Search code examples
pythonnlpspacy

How to install a language model


I am exploring using NLP for some machine learning projects. I normally code all of my projects using python through Anaconda using either Jupyter notebooks or PyCharm as my IDE.

I would like to start using spacy and am planning on attending a workshop on it in the near future. Two recommendations were made that I do first. Install spacy and install the en_core_web_lg language model. I completed the first step, just by searching for the spacy package in Anaconda environments (the conventional way) and installed it. However, as far as installing the language model, I am less familiar with how to do this to get this on my computer since it is not a traditional package.

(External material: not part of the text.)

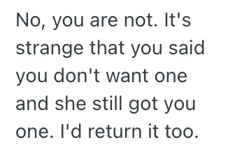 Maybe she didn’t believe him that he didn’t want them and thought he was hinting at what he really wanted. No, he’s not wrong for wanting to return them.

The spacy installation website cites here: https://spacy.io/models/en#en_core_web_lg that this language model can be installed by using:

INSTALLATION

$ python -m spacy download en_core_web_lg

I am assuming that this is a command through terminal? I am not very experienced using terminal but tried typing in the above command in one of the command lines and pressed enter and nothing happened. Is this the correct way to install this model? How should I install it? Also, for pedagogical purposes, what exactly is happening when we install the model? It exists on our computer and then can be utilized for NLP in say a Jupyter notebook if called.

Sorry if these questions seem fairly basic, I am still trying to learn these new techniques. Any help, references, or advice would be greatly appreciated.

Thanks.


Solution

  • Make sure to activate your environment using virtualenv or conda and install spaCy as @Aris mentioned.

    To install spaCy

    pip install -U spacy
    

    To install a specific model, run the following command with the model name (for example en_core_web_lg):

    python -m spacy download [model]
    

    To load a model, use spacy.load() with the model name, a shortcut link or a path to the model data directory.

    import spacy
    nlp = spacy.load("en_core_web_sm")
    doc = nlp(u"This is a sentence.")
    

    You can also import a model directly via its full name and then call its load() method with no arguments. This should also work for older models in previous versions of spaCy.

    import spacy
    import en_core_web_lg
    
    nlp = en_core_web_lg.load()
    doc = nlp(u"This is a sentence.")